The first and main building on the left is the part of the castle with the biggest rooms and is also the oldest part even if it has been modified in the following centuries. This part of the castle host for example the Knights room as well as the dining room.

The middle part of the castle, added and modified during presumably the 14th and 15th centuries includes small rooms mostly used by servants, soldiers etc. It includes the chapel, the chaplain’s room, the judicial chamber, the kitchens, many staircases and passages and the torture room.

The last part constructed between the 15th and the 16th century was mostly defensive and includes the Koblenz tower.

The fourth part of the castle is the one that lies behind those wall, deep inside the cave… something to not miss.

The Predjama Castle is impressive by its size, the complexity of its construction and how it showcases several hundred years of history within its walls.


The visit of the Predjama Castle

The visit will take you through the 4 main different parts of the castle as described above. It is always impressive to see medieval castle and the Predjama Castle is maybe even more impressive than most. The way the castle is intertwined with the cave and form with it such a cohesive ensemble is remarkable. The roughness of certain areas contrast so much with the apparent comfort of other areas that it is confusing to imaging what life may have been like within these walls. And what looks today like a romantic and picturesque sight, was after all a defensive fortress which was never taken.

Here are a few pictures of the visit:


The entrance drawbridge with the Koblenz family coat of arms.

Below, a view of the first tower, the Koblenz tower, a mostly defensive tower of romanesque style which was added in the 16th century. In the upper floor, after having passed the defense gallery, you will be able to see the machicolations you probably noticed from the outside.


Everywhere you will look, there are interesting details. Like this beautiful door.


If one area of the castle can give you an idea of how horrible life could be in such a castle, it is for sure the torture pit as shown below.


In the main part of the castle, where the owner resided, the rooms are much bigger and look today quite comfortable. In the 15th century, it wasn’t quite like that. No glass windows, but rather stretched animal skin would prevent the wind and the light from entering the rooms. Rooms like the bedroom or dining room below were cold, humid and quite dark but they were safe, thanks to their very thick walls.

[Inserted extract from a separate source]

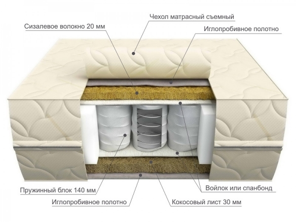 - Описание Максимальный уровень жесткости этого матраса создают настилочные листы из спрессованных кокосового волокна и кактусового волокна сисаловой пальмы, пропитанных натуральным латексом. Такое сочетание материалов дает не только не только отличные эксплуатационные характеристики, но и высокую надежность и длительность срока службы.
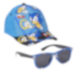 Et komplett sett med både en stilig blåfarget caps og et par premium solbriller, begge i barnestørrelse. På brillene er det motiver fra Sonic The Hedgehog-serien.

I was quite amazed to see this baby walker! I guess things haven’t changed as much as we think they have!!


The hallway pictured above will lead you to a terrace with the below enviable view on the valley. But again, things weren’t as picturesque back in medieval times. To ensure that ennemies would not find places to hide, all trees were cut down.

What’s most amazing about this terrace is seen when looking up. It is entirely protected from the rain, by the cave. In fact, the whole castle is pretty much sheltered entirely by the cave.


And what is almost unnoticeable at first when on this terrace, is that you are actually right by the infamous Eraser’s lavatory. Scroll down below to read his legend…


The chapel of the castle is another great feature of the castle


The chapel, tucked between the 2 main buildings, has an unusual and strange shape. The original furniture has been long lost but the 15th century Pietra displayed, gives a hint that the owners of the castle were quite rich.


Another amazing room is the armory. This room was most likely used for soldiers and servants and now displays a great collection of weird but surely deadly weapons, armors and shields.




The Knights’ room, is another room which can be seen in the main part of the castle. It may seems simple at first sight but is filled with surprises (ox blood painting is a real thing!) and secret passages…


Something you must not miss during your visit is the bell of the castle (and it’s easy to miss it because it is quite small!). It was obviously used in the past, as an alarm to announce dangers. But today according to the legend, ringing the bell while making a sincere wish from the bottom of your heart, will guarantee that your wish will be fulfilled! Still waiting on that one so I can’t confirm 😉


Toward the end of the visit, you will finally get to the most surprising part of the castle: the rooms hidden behind this stone wall are actually inside the cave. This part of the castle looks almost prehistoric! But it was actually most likely built toward the end of the 14th century as an additional shelter in case the enemy managed to enter the castle.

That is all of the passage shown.